John Schlarman

Profile
- Positions: Center, left guard

Personal information
- Born: May 1, 1975 Fort Thomas, Kentucky, U.S.
- Died: November 12, 2020 (aged 45) Lexington, Kentucky, U.S.

Career information
- High school: Fort Thomas (KY) Highlands
- College: Kentucky

Career history
- Kentucky (2000–2002) Offensive line coach; Troy (2007–2012) Assistant; Kentucky (2012–2020) Offensive line coach;

Awards and highlights
- As a coach 2020 Herald-Leader Kentucky Sports Figure of the Year; As a player First-team All-SEC (1997); SEC All-Freshman Team (1994);

= John Schlarman =

American football coach (1975–2020)

John Schlarman (May 1, 1975 – November 12, 2020) was an American football offensive line coach from 2013 to 2020 for the Kentucky Wildcats football team, as well as from 2000 to 2002. He also coached the offensive line for the Troy Trojans football team from 2007 to 2012.
In early August 2018, Schlarman was diagnosed with stage 4 cholangiocarcinoma, a rare form of cancer in the bile ducts.

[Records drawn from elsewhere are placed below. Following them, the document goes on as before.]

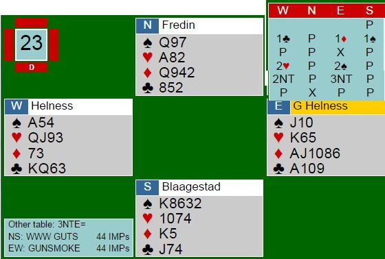 3NT gikk hjem på mange bord fordi det er "bare" å dukke spar to ganger, så kommer ikke syd inn for å hente beita. 1 + 3 + 1 + 4 = 9 stikk. Tor Helness gikk to dobla beiter. Kan han virkelig ikke en så elementær ting som å lasjere med et ess? Jeg er ganske sikker på at forklaringen er slik. Tor vet at nord har tre spar for sin dobling og når syveren (norske) komme ut til ti og konge, er det 50% sjanse for at fargen er blokkert. (D97 blokkerer, mens D87 bokkerer ikke) . Syd er favoritt til å ha hjerteresset etter sin innmelding i sonen, så derfor stakk Tor den første sparen og spilte hjerter. Han var sikkert skuffet når nord gikk straks opp med hjerteresset, men ble glad igjen når nord virkelig hadde spar ni. Spar dame og spar ni vant begge stikkene. Mer hjerter. Nå stod det jo igjen!! Tor tenkte videre. Nord har doblet med Dxx i spar og hjerteresset. Han har maks en ruterhonnør og den sitter ofte i kapp. Kløveren kan være stikkpotensiale, så der har sikkert Peter Fredin knekten fjerde. Derfor kløver til kongen og kløver til tieren. To beit, -500 og totalt 15 IMP ut når Jørn Arild Ringseth på det andre bordet lasja sparen og toppa kløveren. Bridge er moro!! _____________________________________________________________________________
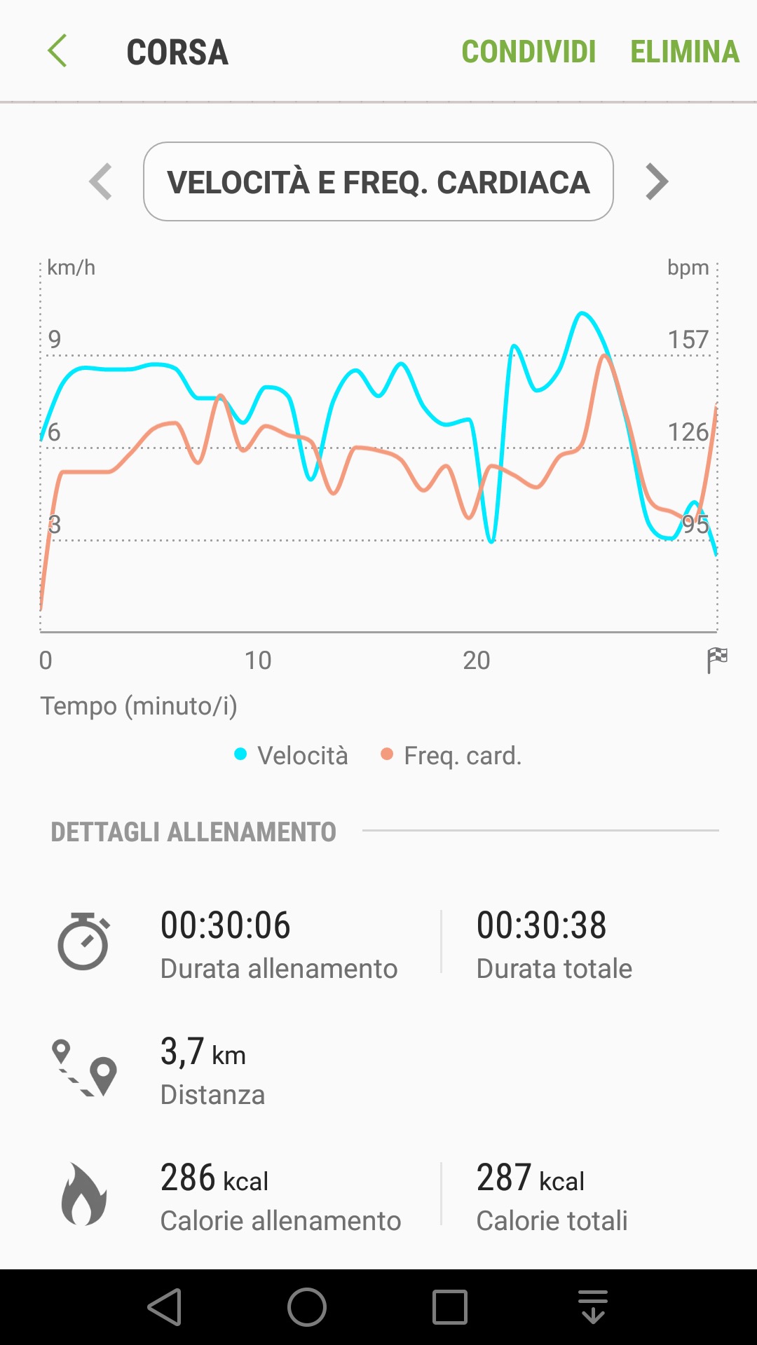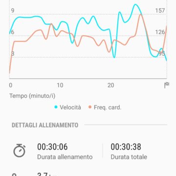Venendo al funzionamento, durante le nostre prove abbiamo sempre riscontrato massima precisione nei dati restituiti dal bracciale. Anzitutto, sono bastati pochi secondi a Gear Fit 2 per ottenere la posizione, così che sin dall’inizio ha potuto tracciare anche a livello geografico il percorso seguito. Il bracciale mostra a schermo, su sfondo nero, tutti i dati relativi alla corsa, con caratteri verdi, massimamente visibili, ben posizionati e sempre leggibili. A schermo appare anzitutto un timer, con il battito cardiaco sempre in bella vista. Sono sufficienti poi pochi slide per ottenere altre informazioni, come la distanza, le calorie bruciate, il ritmo mantenuto e la velocità. Insomma, a portata di mano, anzi di polso, sono sempre visibili tutte le info sulla corsa. Una piccola chicca, poi, è data dalla pausa automatica: quando ci si ferma il bracciale metterà in pausa automaticamente la sessione, per riprenderla non appena si inizia nuovamente a correre.
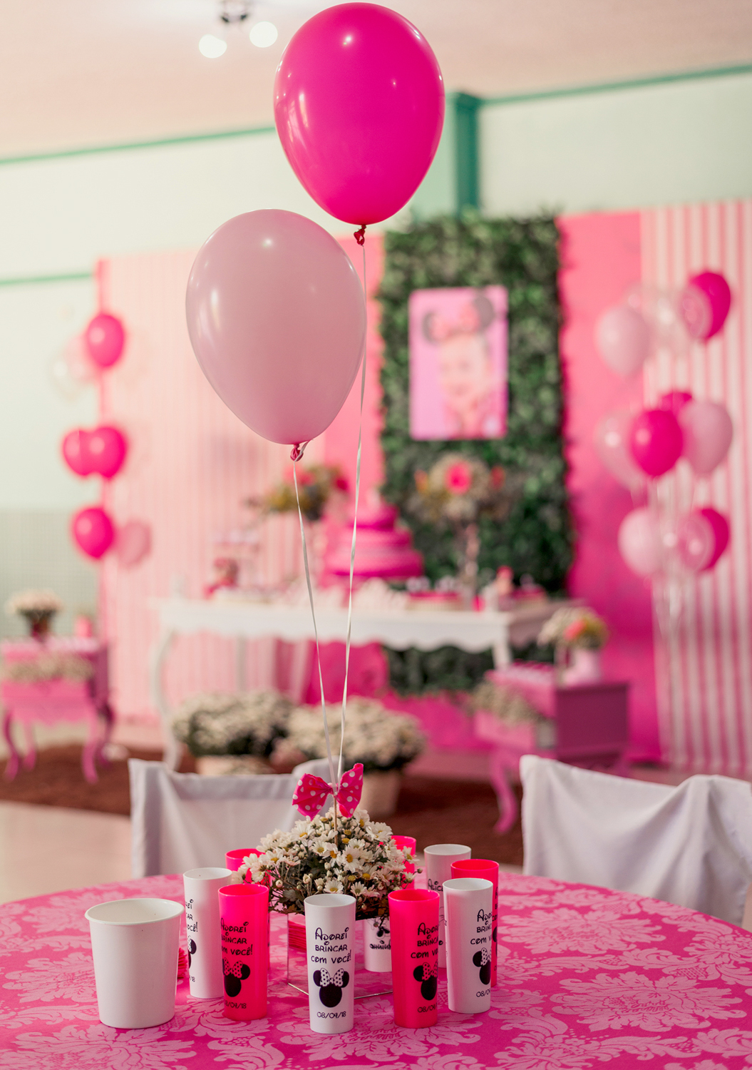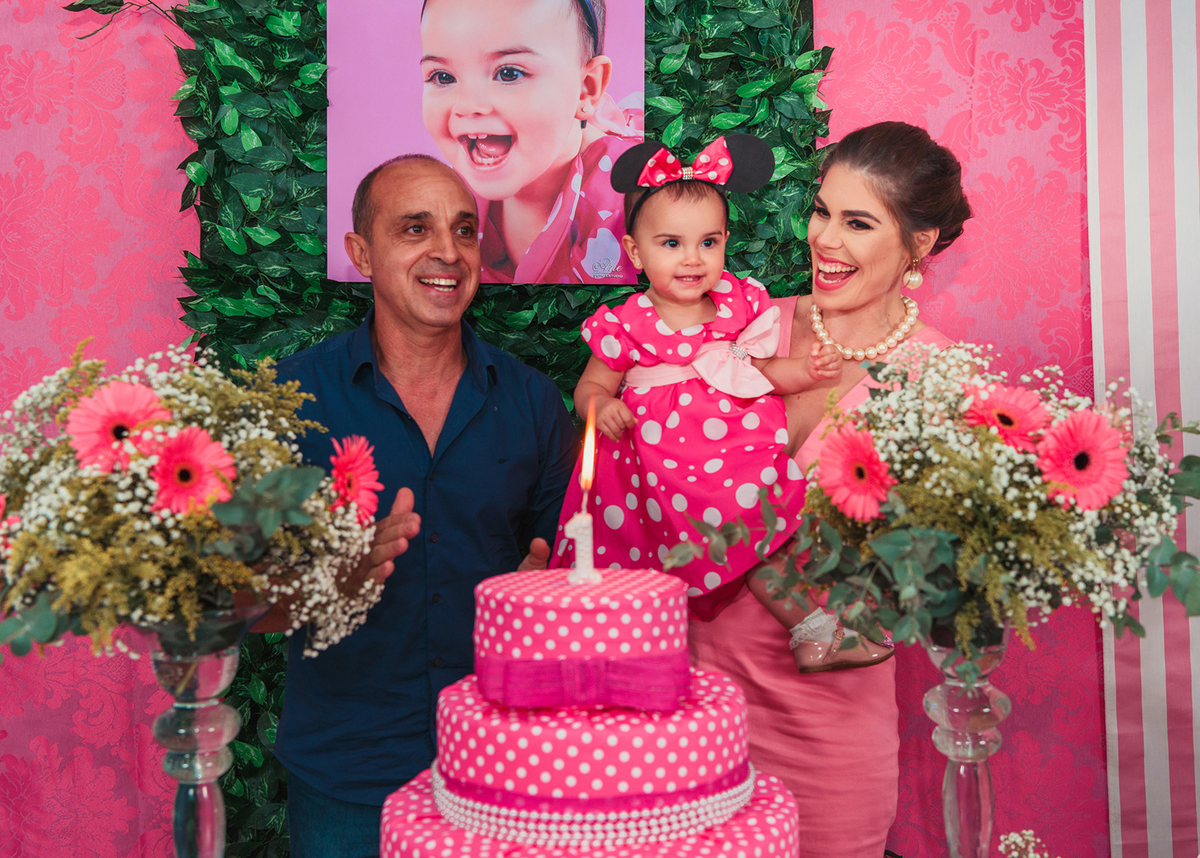 O Aniversário da Ana Alice foi com o tema Minnie Rosa, ou seja, a cor rosa foi destaque na decoração, o que deixou as fotos muito meigas.
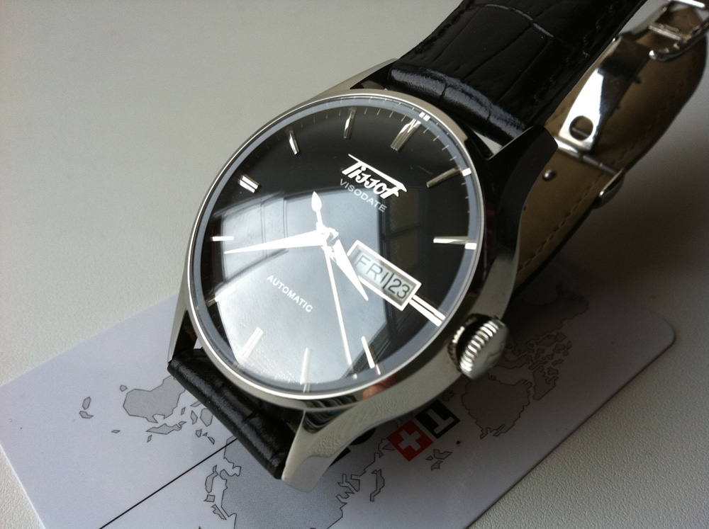 На всемирной часовой выставке BaselWord 2010 Tissot представил новый Visodate. Похоже, совершенство скрывается в простоте. Перед нами очень элегантный трёхстрелочник с датой и днём недели. Сапфировое окно на задней крышке корпуса демонстрирует владельцу механизм. Корпус часов диаметром 40 мм выполнен из практичной нержавеющей стали, стекло сапфировое с антибликовым покрытием, водонепроницаемость – 30 м. Внутри – ETA 2836-2; 25 рубиновых камней, запас хода – 45 часов.
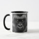 Une photo portrait en noir et blanc d'un gorille révèle une expression intense et menaçante. Le regard perçant de l'animal, avec ses yeux clairs et brillants, semble transpercer l'objectif, ajoutant une dimension presque surnaturelle à l'image. La texture de la peau du gorille et les détails de ses traits marqués ressortent magnifiquement grâce à l'éclairage subtil et aux ombres. Quelques éclats de lumière dans l'arrière-plan flouté ajoutent un effet dramatique à la scène, renforçant l'impression de puissance brute et de majesté de cet animal impressionnant. Ce portrait est un hommage à la force et à l'élégance de la faune sauvage.
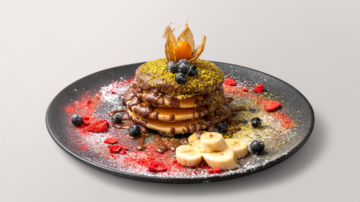 4 Pancakes, Nutella, Früchten, Pistazien
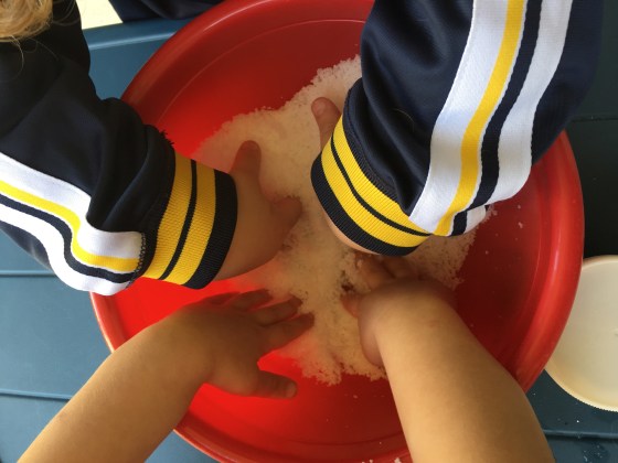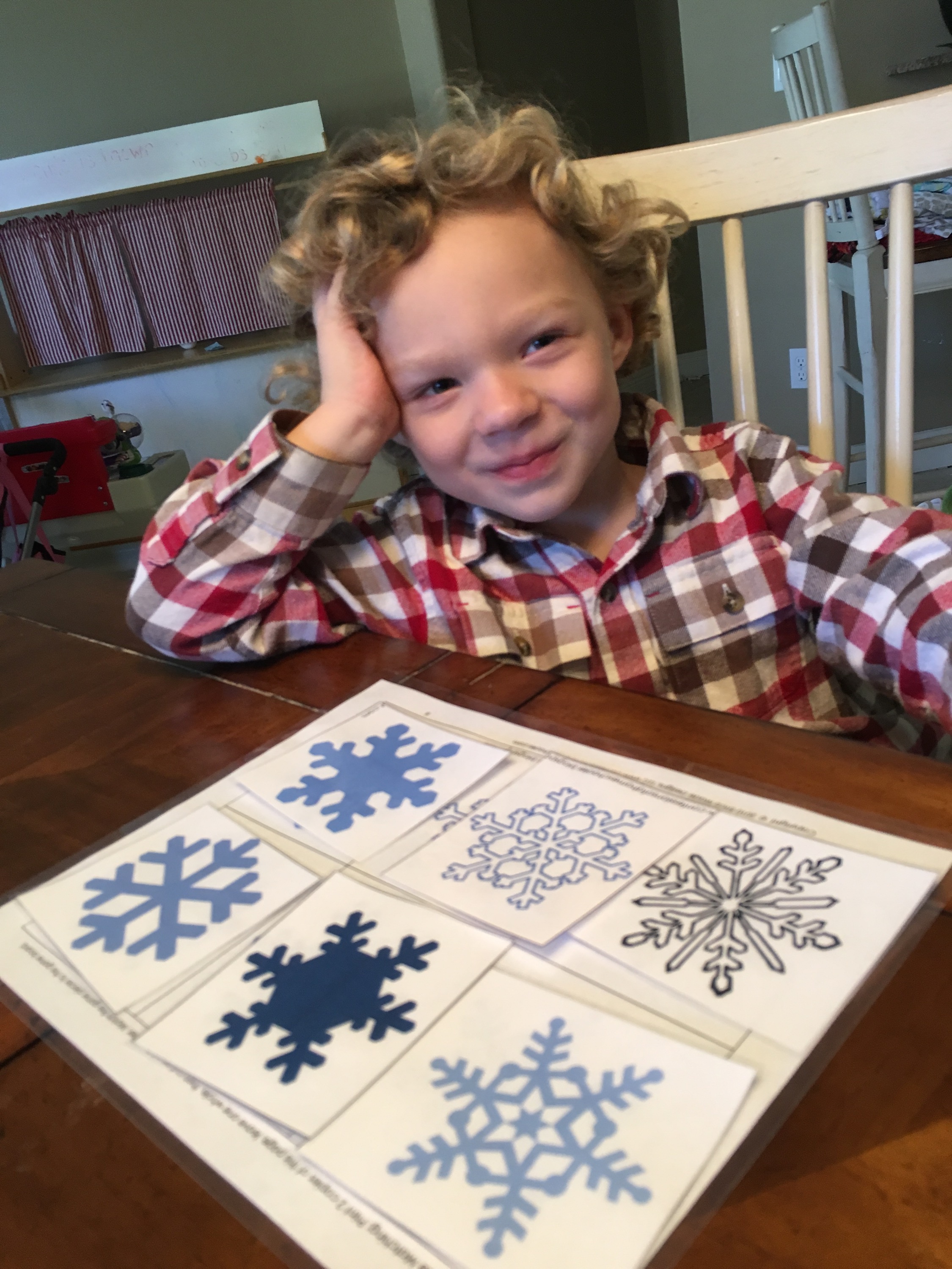We made snow today. Technically it’s a new week and we should be moving on to our next letter but it’s actually very cold today so we had to give it one more day.
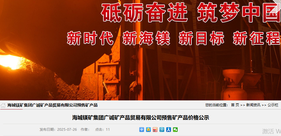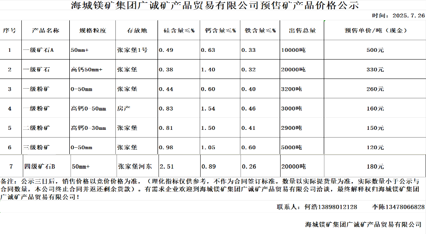 海城鎂礦集團廣誠礦產(chǎn)品貿(mào)易有限公司預售礦產(chǎn)品價格公示
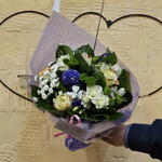 Alstroemeria - 3 pcs Salal - 5 pcs santini - 2 pcs freesias - 4 pcs lisianthus violet - 1 pcs chamomile - 2 pcs aspidistras - 3 pcs jacinthes - 1 pcs différentes roses - 7 pcs
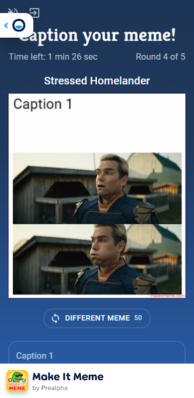 Make It Meme ialah permainan lucu di mana anda mencipta dan menjaringkan meme dengan rakan atau pemain sebenar anda dalam talian. Cukup buat atau sertai lobi dan tunggu pemain lain untuk menyertai. Sebaik sahaja permainan bermula, setiap pemain mendapat meme rawak dan perlu menghasilkan kapsyen lucu dalam masa yang diberikan. Setiap pemain kemudian mempunyai 15 saat untuk menilai ciptaan meme ini. Akhirnya, meme yang mendapat mata terbanyak memenangi pusingan itu. Terdapat 3 mod permainan untuk dipilih: Normal, Meme Sama dan Santai. Pilih mod yang anda kuasai dan tunjukkan kepada semua orang sisi lucu anda! Jangan lupa muat turun meme kegemaran anda dan kongsikannya dengan rakan-rakan anda!
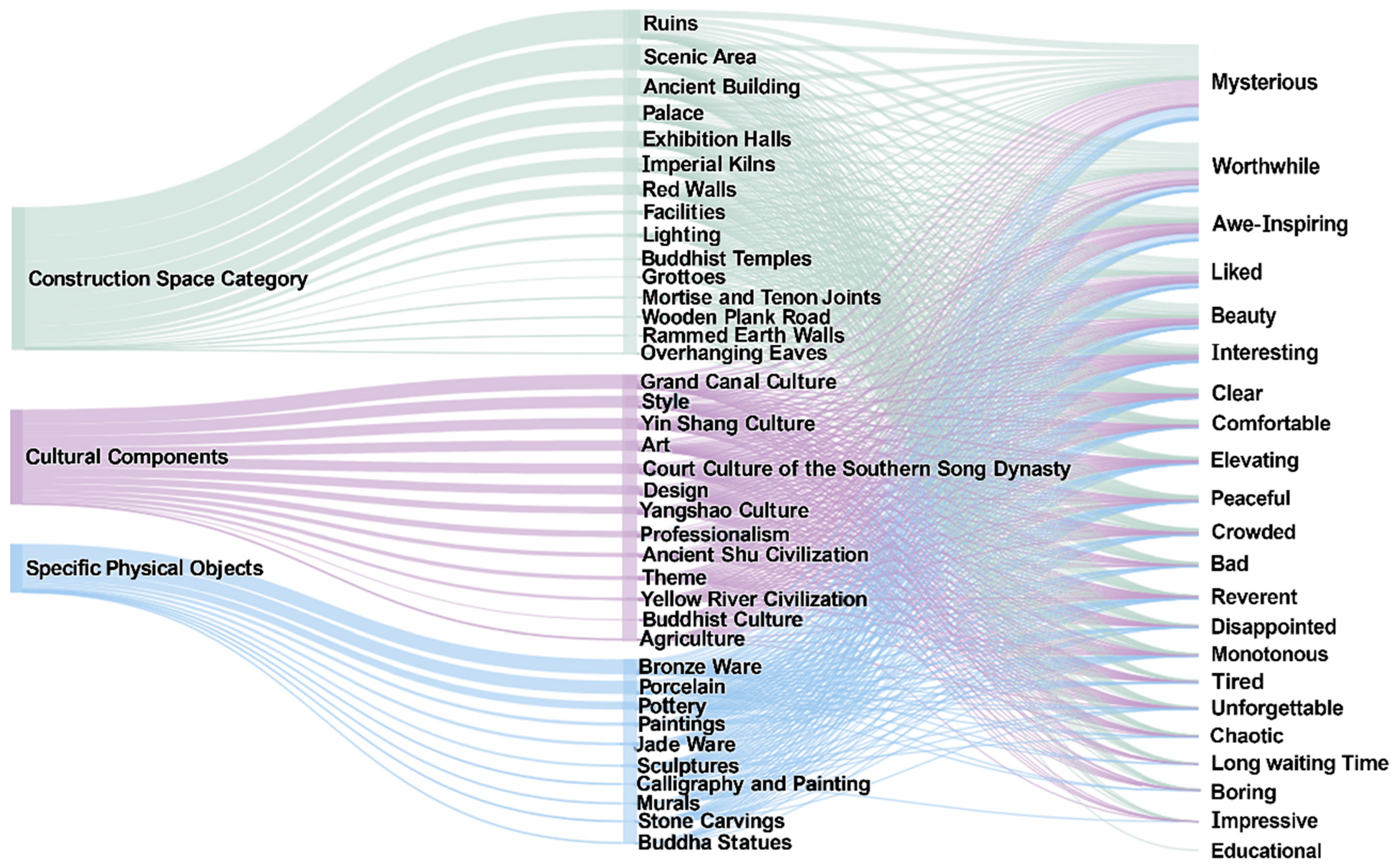 Architectural environments serve as the core medium for deep emotional experiences. Spatial markers such as ruins, scenic spots, ancient buildings, and palaces are strongly associated with in-depth responses like a sense of mystery, worthwhileness, and amazement. In contrast, functional spaces like exhibition halls and imperial kilns show weaker links to feelings of interest and comfort. Notably, technical architectural terms (e.g., rammed-earth walls) are predominantly tied to negative impressions like monotony, while negative feelings of crowding and fatigue are clearly linked to management-intensive spaces such as exhibition halls and scenic areas.
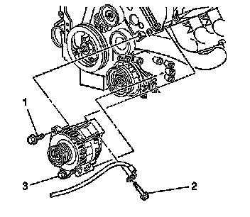 7. Loosen the lower generator bolt (3).
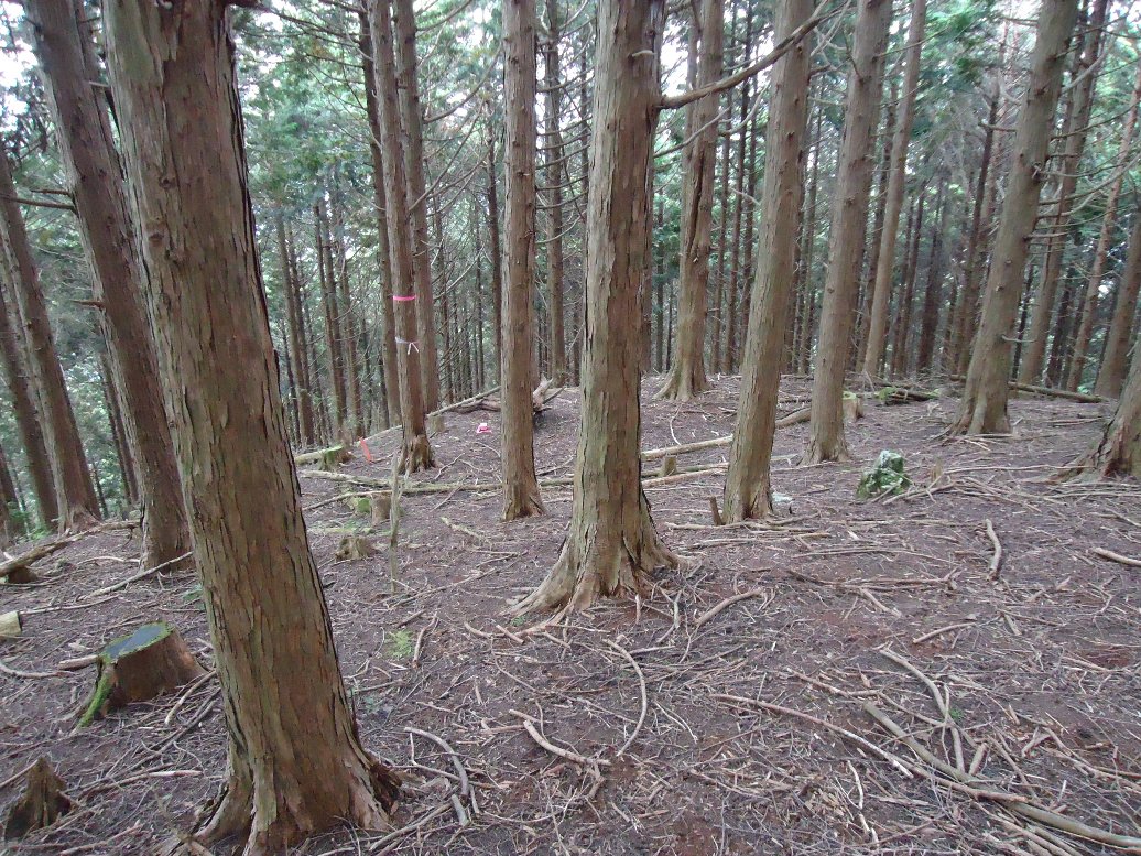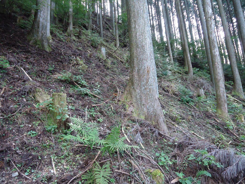 ハシゴの上には登山道の形跡は全くなし、おそらく林業関係者用のものだったでしょう。でもすぐ上には尾根が見えるのでそこまでなんとか登ってみました。 |

Schlarman died in 2020, after succumbing to his condition at the age of 45.

==Early life==

Schlarman attended Highlands High School in his hometown of Fort Thomas, Kentucky. At Highlands, Schlarman played varsity football in all four high school years. He played offensive and defensive line for Highlands, for which he was named with All-State and 1st-team honors in his junior and senior years. In Schlarman's senior year, he captained Highlands to a 14–1 record and the 1992 Kentucky AAA championship game, for which he was named the team's MVP.

In addition to football, Schlarman participated in the school's varsity track and field program for two years. As a senior, Schlarman captained the track and field team and was 2A State runner-up in shot put. He was named the most valuable player on the team, giving him a spot on the Northern Kentucky All-Star team for track and field. After graduating from Highlands in 1993, Schlarman committed to play college football for Kentucky.